Антон оживился, присел к столу и стал обсуждать с Опалиным нюансы расследования, а под конец, покосившись на его лицо, не удержался и спросил о здоровье.
— Курить нельзя, нагрузки нельзя, вдохнуть полной грудью не могу, — ответил Опалин мрачно, — как мое здоровье? Да ничего.
— Я тут с одним доктором познакомился, — сказал Антон, — говорил с ним о твоем случае, он заинтересовался. Может быть, тебе сходить к нему? Он с Ниной Морозовой в одной квартире живет. По вечерам всегда дома. А фамилия его Алябьев. Он на войне был в полевом госпитале, в последствиях ранений разбирается хорошо.
— Ладно. Как-нибудь схожу.
— Нет, ты обязательно зайди, — настаивал Антон. — Что плохого, если он поставит тебя на ноги?
«Ничем он мне не поможет», — подумал Опалин, но, так как все-таки человек он был практический, решил проверить свою теорию. Дом номер двенадцать жил своей обычной жизнью: где-то гремело радио, где-то переговаривались соседи, женщины развешивали на веревках белье и купали детей. Когда Иван поднялся на четвертый этаж, Таня Киселева как раз выходила из квартиры, и он вошел без звонка. Доктор Алябьев недавно получил одну из комнат, раньше принадлежавшую Ломакиным, но, как назло, когда Иван пришел, дома его не оказалось. Опалин размышлял, уйти ли ему или все-таки подождать Алябьева в коридоре, когда дверь соседней комнаты отворилась. На пороге стоял электрик.
— Надо же, думаю, знакомые шаги, и впрямь — вы. Доктора ждете?
— Угу, — буркнул Опалин.
— Слышал, что с вами было. Можете подождать у меня — в коридоре неудобно.
— Спасибо.
Переступив порог, Опалин оказался в довольно просторной, но, если можно так выразиться, безнадежно холостяцкой комнате.
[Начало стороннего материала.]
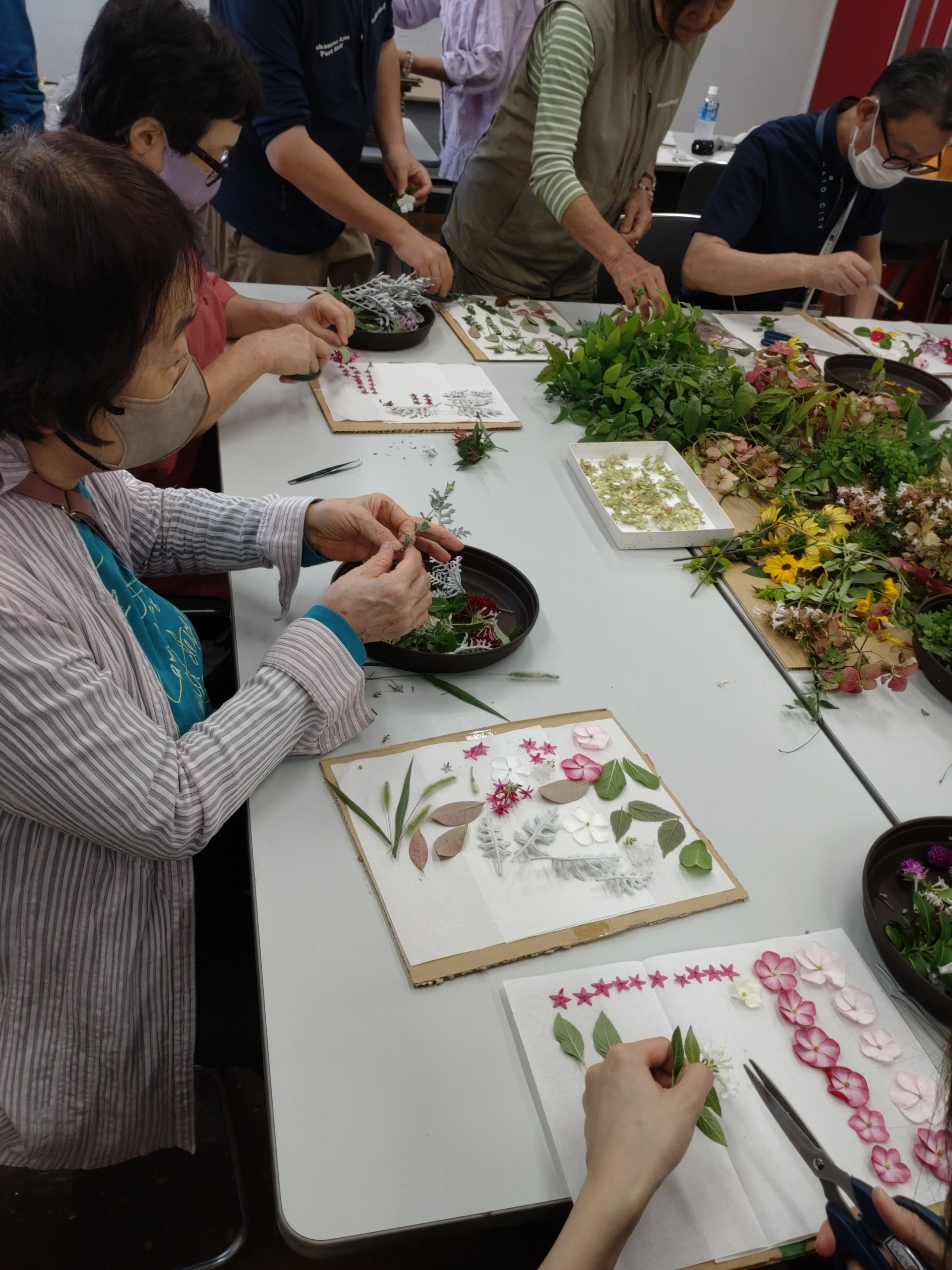 花摘みをした後は白金いきいきプラザに戻って押し花を作りました。
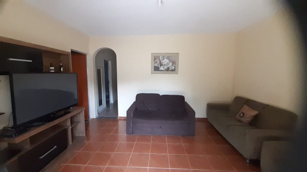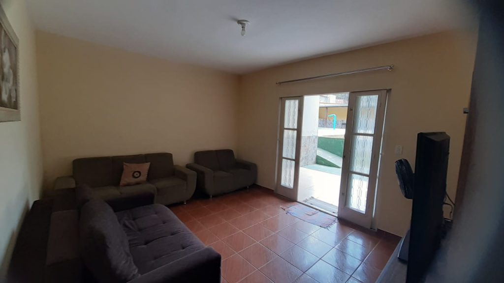 Segunda casa com três quartos, piso cerâmico nos quartos e sala sendo 01 suite, banheiro banho social, cozinha, área de tanque.
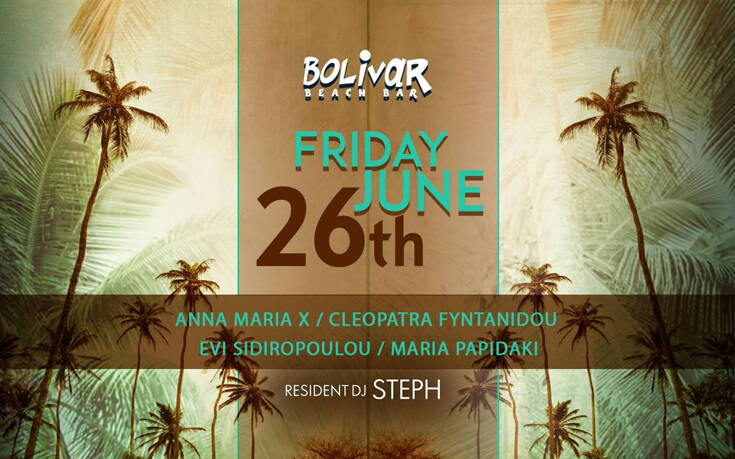 Tην Παρασκευή 26 Ιουνίου οι 4 πολυαγαπημένες Dj/ Radio Producers του Best Radio 92.6 καταλαμβάνουν το booth του Bolivar Beach Bar. Η Άννα Μαρία Χ, η Κλεοπάτρα Φυντανίδου, η Εύη Σιδηροπούλου και η Μαρία β θα μας ταξιδέψουν με τις επιλογές τους σε μια υπέροχη dance βραδιά γεμάτη deep, progressive και όχι μόνο ρυθμούς.

На стене старыми патефонными иголками к обоям была прикреплена фотография, запечатлевшая великолепную лошадь в яблоках.
— А я уж было подумал, не явились ли вы по мою душу, — негромко проговорил Родионов, всматриваясь в лицо Опалина.
— Вам показалось, граф, — ответил Иван, не скрывая своего раздражения. — Чем вы занимаетесь — чините проводку? Вот и чините ее дальше, и никто вас не тронет.
— Сегодня я устроил себе выходной, — колюче парировал его собеседник. — В связи с последними событиями. — Он усмехнулся. — Ни минуты, знаете ли, не сомневался, что вы тогда меня узнали, хотя до того мы виделись бог знает сколько лет назад. Правда, я вас тоже узнал — по шраму. И выражение лица у вас точь-в-точь такое же, как было в детстве.